Скоро за нами приедет папа.
Горячо.
Возлюбленная
Ты моя сестра
Ты моя дочь
Ты мое лицо; ты – это я
Я вновь обрела тебя; ты вернулась ко мне
Ты Возлюбленная моя
Ты моя
Ты моя
Ты моя
У меня есть молоко для тебя У меня есть улыбка для тебя Я стану
заботиться о тебе
Ты мое лицо; я – это ты. Почему же ты бросила меня? Ведь я – это ты
Я больше никогда не оставлю тебя
Никогда больше не смей оставлять меня
Ты никогда больше меня не оставишь
Ты погрузилась в воду
Я пила твою кровь
Я принесла тебе молоко
Ты забыла мне улыбнуться
Я любила тебя
Ты сделала мне больно
Ты вернулась ко мне
Ты меня бросила
Я ждала тебя
Ты моя
Ты моя
Ты моя
Это была совсем маленькая церковь, не больше гостиной в зажиточном доме. Скамьи были без спинок, а поскольку прихожане сами исполняли обязанности хора, то специального места для хора не требовалось. Прихожане побогаче специально пожертвовали некую сумму на строительство кафедры для пастора, чтобы он несколько возвышался над своей паствой, однако особой необходимости в этом не было – нельзя же оказаться пастору выше белого дубового креста, который уже занял подобающее место. Прежде чем стать церковью Спасителя, этот дом служил бакалейной лавкой, где боковые окна были ни к чему, а окна фасада использовались как прилавок Они были заклеены бумагой, пока члены конгрегации решали, то ли закрасить стекла, то ли повесить на окна шторы – им хотелось одновременно и обрести уединение, и не лишиться света, который просачивался сквозь стекла. Летом двери постоянно оставались открытыми навстречу ветерку. Зимой железная печка грела как могла. Перед дверями было крепко сколоченное крыльцо, где обычно прежде сиживали покупатели бакалейной лавки, а дети смеялись над историей про мальчишку, который сунул голову между прутьями перил, да так и застрял. Солнечным тихим январским днем на крыльце было теплее, чем в самой церкви, особенно если железная печка не топилась.

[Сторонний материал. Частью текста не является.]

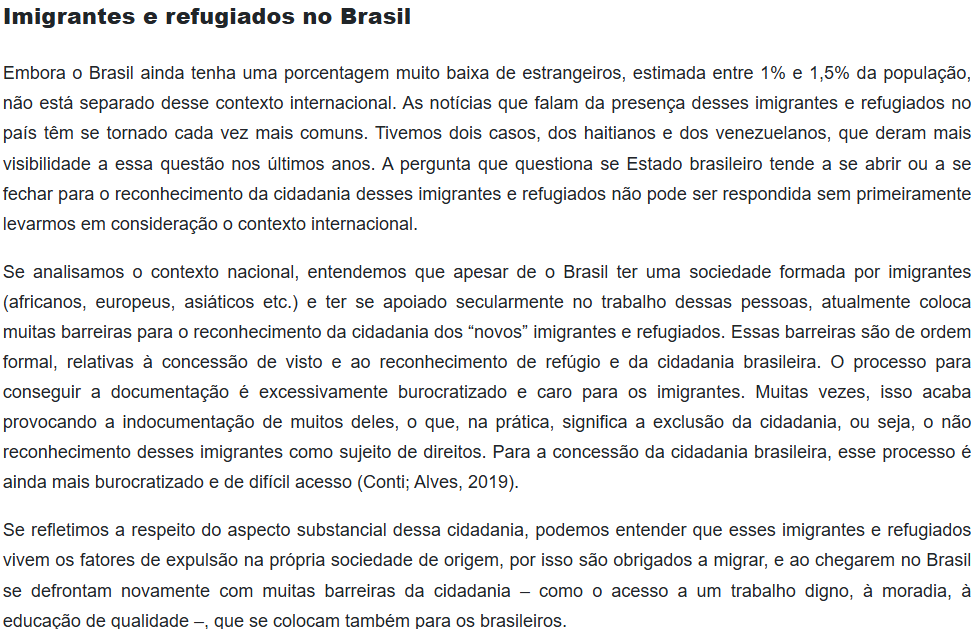 Imigrantes e refugiados no Brasil Embora Brasil ainda tenha uma porcentagem muito baixa de estrangeiros, estimada entre 1% e 1,5% da população, não está separado desse contexto internacional. As notícias que falam da presença desses imigrantes e refugiados no país têm se tornado cada vez mais comuns. Tivemos dois casos, dos haitianos e dos venezuelanos, que deram mais visibilidade a essa questão nos últimos anos. A pergunta que questiona se Estado brasileiro tende a se abrir ou a se fechar para o reconhecimento da cidadania desses imigrantes e refugiados não pode ser respondida sem primeiramente levarmos em consideração o contexto internacional. Se analisamos contexto nacional, entendemos que apesar de o Brasil ter uma sociedade formada por imigrantes (africanos, europeus, asiáticos etc.) e ter se apoiado secularmente no trabalho dessas pessoas, atualmente coloca muitas barreiras para reconhecimento da cidadania dos "novos" imigrantes e refugiados. Essas barreiras são de ordem formal, relativas à concessão de visto e ao reconhecimento de refúgio e da cidadania brasileira. processo para conseguir a documentação é excessivamente burocratizado e caro para os imigrantes. Muitas vezes, isso acaba provocando a indocumentação de muitos deles, o que, na prática, significa a exclusão da cidadania, ou seja, o não reconhecimento desses imigrantes como sujeito de direitos. Para a concessão da cidadania brasileira, esse processo é ainda mais burocratizado e de difícil acesso (Conti; Alves, 2019). Se refletimos a respeito do aspecto substancial dessa cidadania, podemos entender que esses imigrantes e refugiados vivem os fatores de expulsão na própria sociedade de origem, por isso são obrigados a migrar, e ao chegarem no Brasil se defrontam novamente com muitas barreiras da cidadania - como acesso a um trabalho digno, à moradia, à educação de qualidade que se colocam também para os brasileiros.

В сыроватом подвале холод не так пробирал до костей, но там не было ни света, чтобы пробраться к тюфяку на полу, ни таза для умывания, ни гвоздя, на который можно повесить одежду. А масляная лампа, принесенная Полем Ди, выглядела в подвале настолько печально, что он предпочитал сидеть на крыльце и согреваться, прикладываясь к бутылочке, которую засунул в карман куртки. От выпитого действительно становилось теплее, но глаза у Поля Ди все время были красными. Он зажал руки между коленями не потому, что они дрожали; просто ему некуда было их деть. Заветная жестянка из-под табака была теперь открыта, содержимое ее кружилось перед ним, превращая его то ли в свою игрушку, то ли в жертву.

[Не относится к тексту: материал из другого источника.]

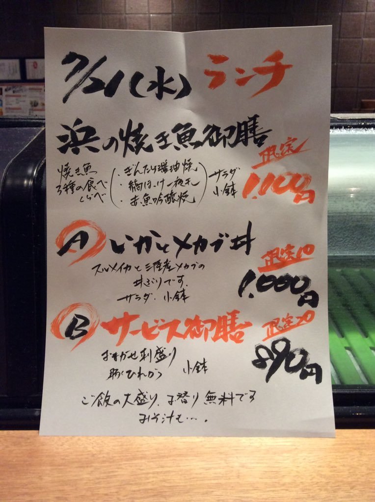 7月21日水曜日ランチメニューです。

Он никак не мог понять, почему все это длится так долго. Он с тем же успехом мог бы прыгнуть в огонь вместе с Сиксо, и они отлично посмеялись бы вместе. Все равно ведь пришлось сдаваться, почему же не встретить свою гибель со смехом, выкрикивая «Семь-О»? Почему бы и нет? К чему откладывать? Он уже однажды смотрел вслед своему брату, махавшему на прощанье рукой с задка телеги, – жареный цыпленок в кармане, на глазах слезы. Мать. Отец. Матери он не помнил. Отца никогда не видел. Он был самым младшим из трех сводных братьев (мать у них была одна, а отцы разные), проданных Гарнеру и живших у него на ферме без права выходить за ее пределы целых двадцать лет. Однажды, в Мэриленде, он встретил четыре семьи рабов, которые в течение ста лет жили вместе: прадеды, деды, матери, отцы, тетки, дядья, двоюродные сестры и братья, дети. Мулаты, квартероны, негры, метисы. Он смотрел на них с восторгом и завистью и каждый раз, встречая большие семьи цветных, приставал к ним с вопросами, кто кому кем приходится.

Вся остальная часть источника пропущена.